## What you need to do
Where an entry holds an image, leave the image out; otherwise reproduce the entry exactly.
______
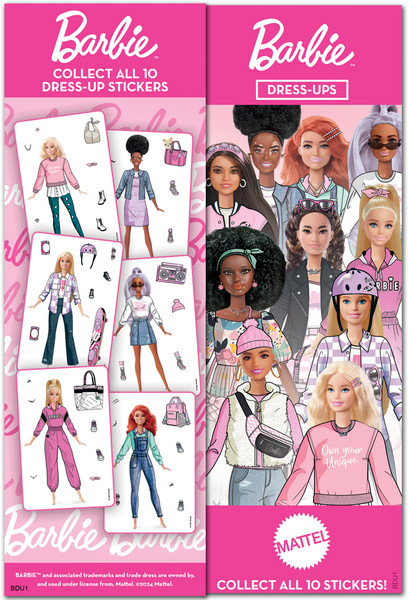 Dress Barbie in a whole range of exciting outfits and discover looks from her various careers, fun hobbies, and high fashion style! Add cool accessories and friendly pets to complete the look. Meet Barbie’s friends and dress them in their own unique styles, too. This fun-filled sticker collection encourages imagination, expression, and discovery through play. Collect all the stickers to show your enthusiasm.
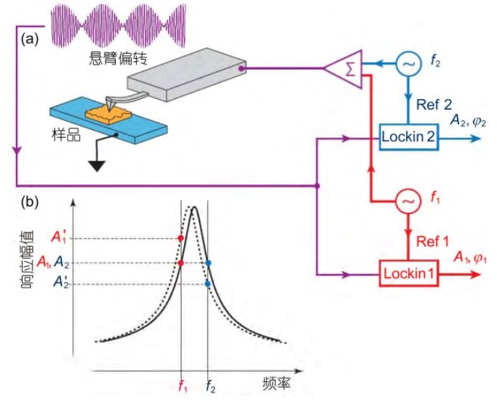 传统的频率追踪是采用标准的锁相环技术实现的,其根本原理是在恒定的驱动力下,系统响应的幅值和相位与邻近共振间有直接的关系。基于此共振频率的追踪方法,相位探测必须满足激励信号相位独立于针尖的位置和驱动频率两个条件,否则无法解释其成像信号。大多扫描探针显微镜均是在微悬臂的共振频率下进行激励,信噪比很高,但也存在一定的困扰。例如压电响应力显微镜, 在微悬臂的接触共振下实验,增加了一个机械放大将有助于材料压电响应的探测,但同时,由于电畴方向的确定也依赖于驱动和响应的相对相位,这将会导致表面形貌和微悬臂相位间形成强烈的串扰,尤其当微悬臂操作在共振频率或其附近时,这个影响是无法确定的。因此发展了双频激励方法,在 PFM 和类似的技术中,允许基于幅值的共振频率追踪。
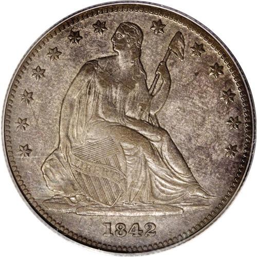 <B>1842-O 50C Small Date, Small Letters XF40 PCGS.</B></I> WB-101. This variety is distinguished by the beginnings of the die crack between the AL in HALF. Curiously, these pieces were struck before the 1841-O halves. All examples are softly struck. This piece shows even, dark gray-blue toning over each side. A few field marks are present, but are not significant enough to merit individual mention.<BR><BR><b>Shipping:</b> Coin/Currency (<a target="_blank" href="http://www.heritageauctions.com/common/shipping.php">view shipping information</a>)
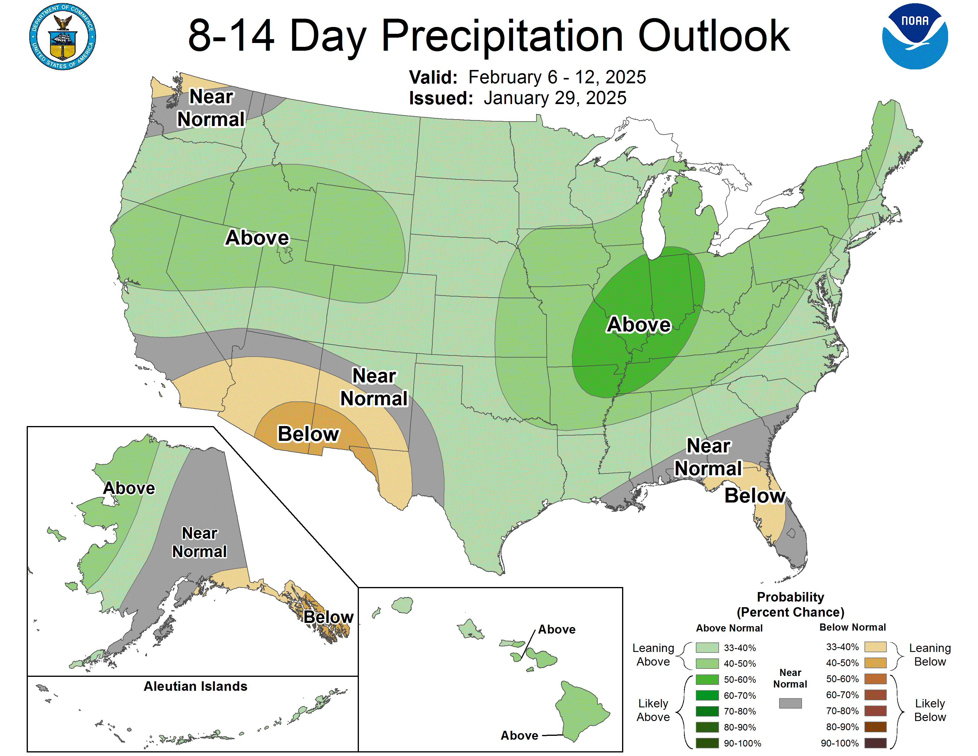 The 6-10 day outlooks show that the probability of below-normal temperatures is greatest in the Pacific Northwest and across the northern part of the United States into the High Plains. The best chances of above-normal temperatures will be over the Four-Corners region and along the southern tier of the U.S. into the Southeast and Mid-Atlantic. The greatest chances of above-normal precipitation will be over northern California into the Great Basin and the northern Rocky Mountains as well as over the Midwest. The best chances of seeing below-normal precipitation are over the Southwest and along the Gulf Coast of Florida.
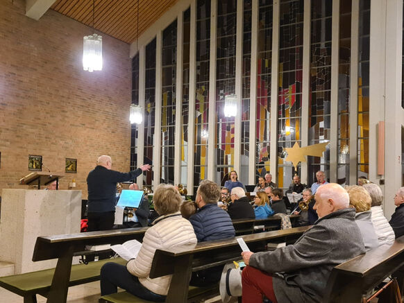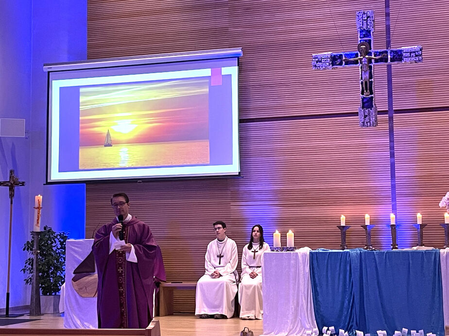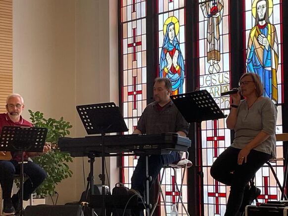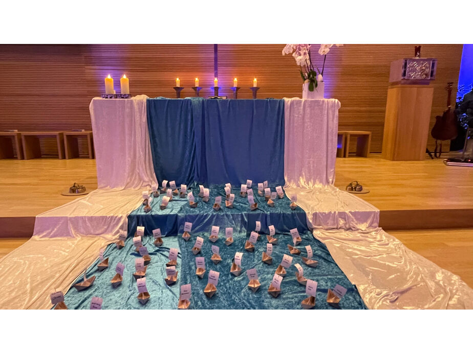 Nach der Heiligen Messe folgte wieder eine besondere Zeit der Anbetung. Pfarrer Alexander Best und Diakon Andreas Szumski standen für ein Gespräch bereit. Liebevoll gestaltete Schiffe mit den Namen der Verstorbenen und Kärtchen mit der Geschichte des Schiffes konnten zur Erinnerung mitgenommen werden. Die Band „Taktel“ begleitete den Gottesdienst mit gefühlvollen Liedern. Der Abend klang bei einer leckeren Kürbissuppe und interessanten Gesprächen aus. Wieder war es eine gesegnete Zeit. Der nächste Rejoice-Lobpreisgottesdienst findet am 15. März 2025 statt und alle sind herzlich willkommen.
______
## Result of the task
 Dress Barbie in a whole range of exciting outfits and discover looks from her various careers, fun hobbies, and high fashion style! Add cool accessories and friendly pets to complete the look. Meet Barbie’s friends and dress them in their own unique styles, too. This fun-filled sticker collection encourages imagination, expression, and discovery through play. Collect all the stickers to show your enthusiasm.
 传统的频率追踪是采用标准的锁相环技术实现的,其根本原理是在恒定的驱动力下,系统响应的幅值和相位与邻近共振间有直接的关系。基于此共振频率的追踪方法,相位探测必须满足激励信号相位独立于针尖的位置和驱动频率两个条件,否则无法解释其成像信号。大多扫描探针显微镜均是在微悬臂的共振频率下进行激励,信噪比很高,但也存在一定的困扰。例如压电响应力显微镜, 在微悬臂的接触共振下实验,增加了一个机械放大将有助于材料压电响应的探测,但同时,由于电畴方向的确定也依赖于驱动和响应的相对相位,这将会导致表面形貌和微悬臂相位间形成强烈的串扰,尤其当微悬臂操作在共振频率或其附近时,这个影响是无法确定的。因此发展了双频激励方法,在 PFM 和类似的技术中,允许基于幅值的共振频率追踪。
 <B>1842-O 50C Small Date, Small Letters XF40 PCGS.</B></I> WB-101. This variety is distinguished by the beginnings of the die crack between the AL in HALF. Curiously, these pieces were struck before the 1841-O halves. All examples are softly struck. This piece shows even, dark gray-blue toning over each side. A few field marks are present, but are not significant enough to merit individual mention.<BR><BR><b>Shipping:</b> Coin/Currency (<a target="_blank" href="http://www.heritageauctions.com/common/shipping.php">view shipping information</a>)
 The 6-10 day outlooks show that the probability of below-normal temperatures is greatest in the Pacific Northwest and across the northern part of the United States into the High Plains. The best chances of above-normal temperatures will be over the Four-Corners region and along the southern tier of the U.S. into the Southeast and Mid-Atlantic. The greatest chances of above-normal precipitation will be over northern California into the Great Basin and the northern Rocky Mountains as well as over the Midwest. The best chances of seeing below-normal precipitation are over the Southwest and along the Gulf Coast of Florida.
 Nach der Heiligen Messe folgte wieder eine besondere Zeit der Anbetung. Pfarrer Alexander Best und Diakon Andreas Szumski standen für ein Gespräch bereit. Liebevoll gestaltete Schiffe mit den Namen der Verstorbenen und Kärtchen mit der Geschichte des Schiffes konnten zur Erinnerung mitgenommen werden. Die Band „Taktel“ begleitete den Gottesdienst mit gefühlvollen Liedern. Der Abend klang bei einer leckeren Kürbissuppe und interessanten Gesprächen aus. Wieder war es eine gesegnete Zeit. Der nächste Rejoice-Lobpreisgottesdienst findet am 15. März 2025 statt und alle sind herzlich willkommen.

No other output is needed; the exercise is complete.